Whether the Applicant was given an opportunity to be heard. 62. Section 4 (3) and (4) of the Fair Administrative Action Act, 2015 lays down the procedure to be adopted by decision makers as follows in this regard:(3)Where an administrative action is likely to adversely affect the rights or fundamental freedoms of any person, the administrator shall give the person affected by the decision—(a)prior and adequate notice of the nature and reasons for the proposed administrative action;(b)an opportunity to be heard and to make representations in that regard;(c)notice of a right to a review or internal appeal against an administrative decision, where applicable;(d)a statement of reasons pursuant to section 6;(e)notice of the right to legal representation, where applicable;(f)notice of the right to cross-examine or where applicable; or(g)information, materials and evidence to be relied upon in making the decision or taking the administrative action.(4)The administrator shall accord the person against whom administrative action is taken an opportunity to—(a)attend proceedings, in person or in the company of an expert of his choice;(b)be heard;(c)cross-examine persons who give adverse evidence against him; and(d)request for an adjournment of the proceedings, where necessary to ensure a fair hearing.
63. The Ex parte herein alleged that he was not accorded a fair hearing yet as per the above provisions of the law the Respondents took the necessary steps as required and the Land Registration Act 2012 to have the boundary dispute determined. The Ex parte Applicant was issued with a notice by the Land Registrar with reasons why there was need to have the boundary between the two suit properties fixed.

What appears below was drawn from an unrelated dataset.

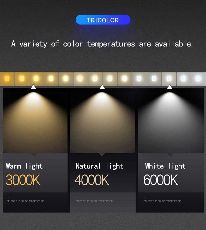 The color temperature of the light can be selected from 1000k-9000k, or two-color light; regarding the brightness, the brightness of each lamp bead is 16LM, and you can choose a tight lamp bead arrangement and a loose lamp bead arrangement.

64. Although the Ex parte Applicant outlined in paragraph (vii) of the Notice of Motion Application that the process was biased, unfair, ultra vires and irrational, this court is of the considered view that the Land Registrar took the necessary steps required in determining the dispute as each party was given an opportunity to be heard, the principles of boundary disputes were followed and the report from the surveyor was available to all parties. This court finds that the procedure used by the Land Registrar in arriving at the decision was fair and reasonable and he acted within his powers in determining the dispute. In the upshot, this Judicial Review Application is hereby dismissed with costs to the 2nd Respondent.
DATED, SIGNED AND DELIVERED AT KISUMU THIS 13TH DAY OF MAY, 2022. ANTONY OMBWAYOJUDGEThis JUDGMENT has been delivered to the parties by electronic mail due to measures restricting court operations due to the COVID-19 pandemic and in the light of the directions issued by his Lordship, the Chief Justice on 15th March 2020.